Last month, the HathiTrust announced that they were opening their archive to text mining. The HathiTrust is among the libraries of digital books in the world and brings together the resources from hundreds of research libraries and provides access to this library though a partnership program. They also work with publishers and rights holders to make available in open formats published works. Last year, we released an open version of the entire back archive of North Dakota Quarterly through the HathiTrust and since that time the NDQ archive has seen thousands of both new and old readers. In many ways, the interest in our archive has reinforced our faith in the continued vitality of NDQ as publication.
Our goal in releasing the NDQ archive was to open it to conventional readers around the world. The HathiTrust’s announcement that their archive will be available for text-mining. For those unfamiliar with the idea of text mining, it can be informally defined as a form of remote reading that looks for patterns across many thousands of pages of texts. Patterns in these texts can reflect anything from genre to narrative style, level of education and vocabulary, place of origin, and psychological make up.

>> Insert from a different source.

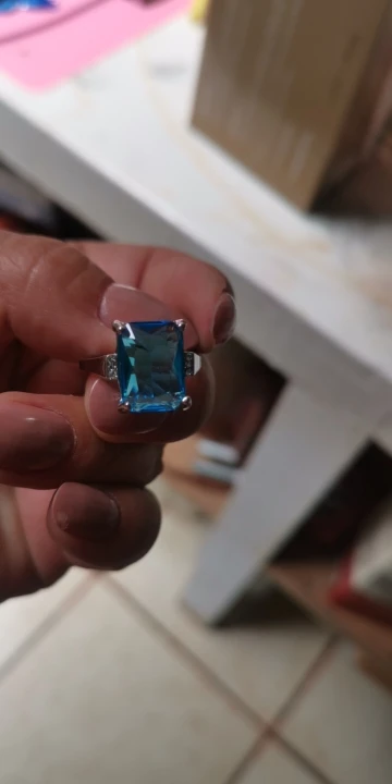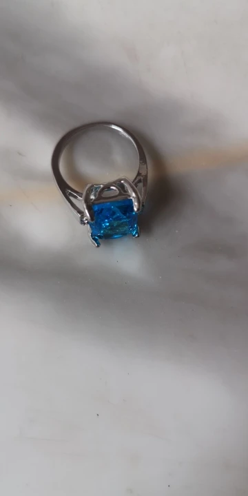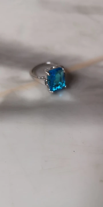 Crafted from lead-tin alloy and adorned with cubic zirconia, this ring is designed for women who appreciate both style and substance. The prong setting highlights the irregular shape of the aquamarine, making each ring unique.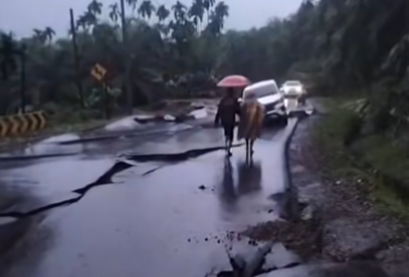 Kasat Lantas Polres Bireuen, Iptu Aditya , saat dikonfirmasi Waspada.id mengatakan, akibat hujan deras yang melanda Bireuen, Jalinsum di kilometer 16 arah ke Aceh Tengah (Takengon) retak. Air sungai di Teupin Mane Kecamatan Juli tinggi dan alirannya juga deras.

At its most simple, text mining allows us to get a gross idea of the relevance of a particular phrase or set of concepts. Just for fun, we used Google’s Ngram viewer to compare Thomas McGrath’s name and the North Dakota Quarterly from 1940 when McGrath published his first work, First Manifesto, through his remarkable career to the present. The graph below represents the frequency that the two phrases appear in the Google Books corpus.
For another fun, and simple, graph, I compared the appearance of the name of several literary magazines in the Google Books corpus, including TriQuarterly, Colorado Review, The Iowa Review, South Dakota Review, and Quarterly West. While this provides only a very coarse indicator of impact, it’s clear that NDQ holds its own among similar publications.
Recently, Google has experimented with using text mining to produce the raw materials for computer generated poetry (the scholars published a paper on it here). The results have been a bit mixed.
In academic circles, text mining has become an important tool in the arsenal of the growing number of digital humanists who leverage large bodies of textual information to make expansive cultural arguments. Not all scholars have embraced the potential of the digital humanities and a recent, polemical history of the field in the Los Angeles Review of Books even questioned its core assumptions. It goes without saying that digital humanists responded with a wide range of critiques, some of which are compiled here, here, and here. The real value of the digital humanities likely falls between optimistic claims verging on technological utopianism or technological solutionism and fears of a intellectually impoverished neoliberal academy.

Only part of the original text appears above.